Impact of SST on MABL

Sharp spatial jumps in sea surface temperature (SST) of varying strength and size are ubiquitous features across the oceans. How these temperature fronts and filaments impact the surface fluxes of momentum and scalars and couple with the overlying winds is not well understood. We recently developed a large-eddy simulation (LES) model that allows us to examine the impact of (non-periodic) SST heterogeneity on the marine atmospheric boundary layer (MABL). We find that the response of the MABL depends on the sign (positive, negative) of the SST jump and the magnitude and direction of the surface winds relative to the front, i.e., cross-front and down-front winds generate a different response. An example is depicted in the figure below where we show the vertical temperature flux for winds blowing across a positive SST jump of 2K. First notice the extended distance downstream, nearly 20 kilometers, before the boundary layer reaches an equilibrium state. Surprisingly, because of horizontal advection the scalar flux reaches a maximum in the middle of the transition region. In other words, the approach to the equilibrium state downstream of the SST jump is not monotonic. The work sponsored by ONR is a collaborative effort between NCAR, University of Notre Dame, and UCLA.

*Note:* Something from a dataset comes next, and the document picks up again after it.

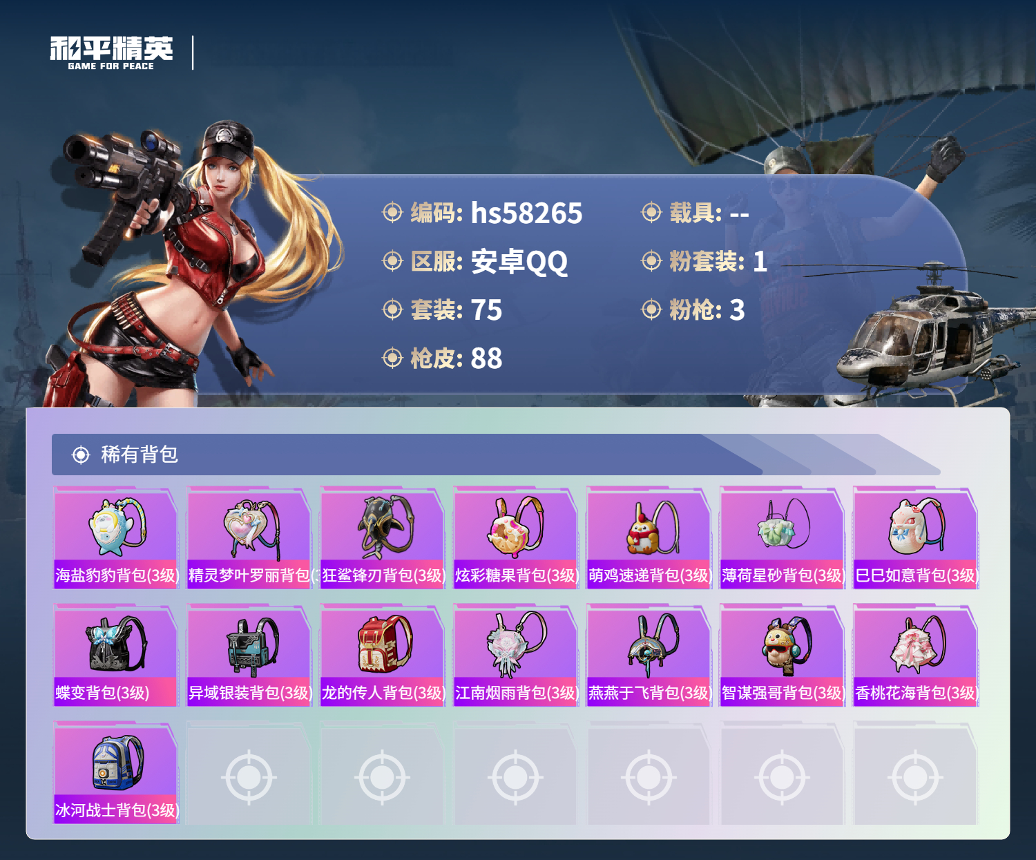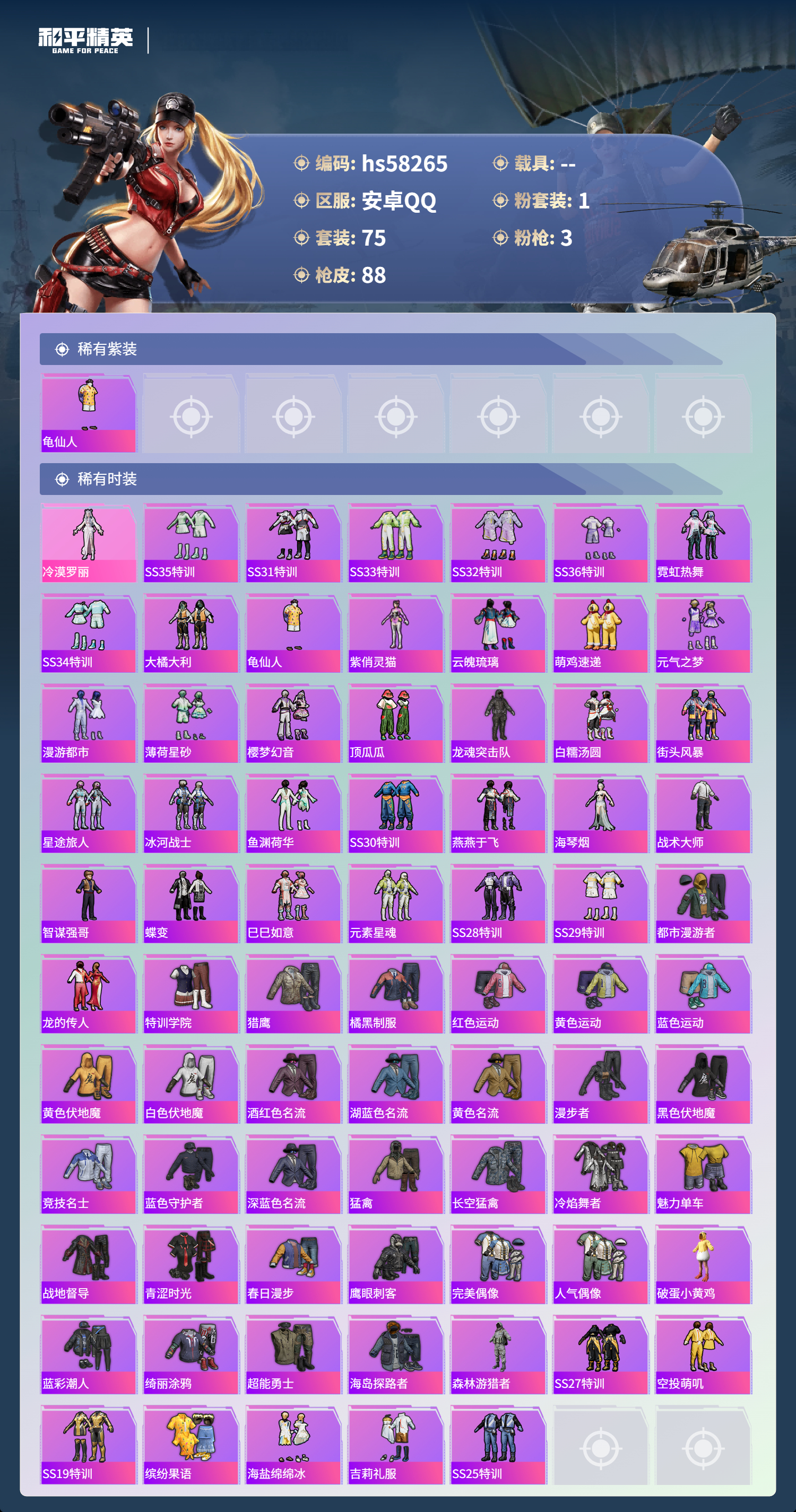 0载具-75套装-88呛皮-hs58265 安卓手q-2王牌印记-1粉装-3特效呛-25401热力值-75套装-88呛皮-1卓越印记【1粉装】角色-冷漠罗丽【3特效呛】kar98k-巳巳如意/5级dp-28-豹影疾电/5级p90-金丰海韵/7级【1稀有紫装】龟仙人【75稀有时装】冷漠罗丽ss35特训ss31特训ss33特训ss32特训ss36特训霓虹热舞ss34特训大橘大利龟仙人紫俏灵猫云魄

Figure:  The left panel shows the spatial variation of vertical temperature flux in the MABL across a sea surface temperature jump of 2 K
Figure: The left panel shows the spatial (x, z) variation of vertical temperature flux in the MABL across a sea surface temperature jump of 2 K: the x location of the jump is indicated by the white line. The large scale geostrophic winds are 10 m s-1 and moving from left to right. The right panel shows individual vertical profiles of scalar flux at selected x-locations. The lines are color coded to match the x intervals in the left panel. Notice the maximum scalar flux occurs in the middle of the transition region.

Wildfire Forecasting Behavior and Prediction

In FY2018 Janice Coen worked with Wilfrid Schroeder (NOAA/NESDIS, formerly University of Maryland) and Brad Quayle (USDA Forest Service) to investigate the weather and fire behavior that shaped past wildfire events and to develop and apply forecasting methodologies to predict how wildfires will grow and behave by integrating satellite active fire detection data and the CAWFE® coupled numerical weather prediction - wildland fire behavior model.

Coen et al. applied CAWFE to investigate the flow regime and underlying mechanisms associated with the Tubbs Fire, which ignited during the North Bay firestorm on October 8-9, 2017, travelled over 19 km in 3.25 h, and burned into the city of Santa Rosa, CA. Figure (a) shows a snapshot of a CAWFE simulation of the Tubbs Fire at 3:09 AM and for comparison, Figure (b) shows the fire's extent as mapped by the Visible and Infrared Imaging Radiometer Suite (VIIRS) at the same time. The simulation recreates the Diablo downslope wind event, localized strong winds over the coastal ranges where winds reached 30-40 m s-1, extreme wind peaks exceeding 40 m s-1 that formed over smaller hills including near the reported ignition site, and rapid fire growth. A 4-domain CAWFE forecast of this event refining to 370 m horizontal grid spacing was performed and showed similar fidelity, forecasting the fire event 4 times faster than real time on a single processor.

Figure: Retrospective simulation of the Tubbs Fire using CAWFE
Figure: (a) Retrospective simulation of the Tubbs Fire at 3:09 AM PDT using CAWFE. The fire's heat flux is show in the upper color bar (in W m-2). Wind speed arrows (in m s-1) point downstream and are colored according to the color bar at right. Vectors are shown every 3 grid points. (b) The first VIIRS active fire detection data of the Tubbs Fire at 3:09 AM PDT.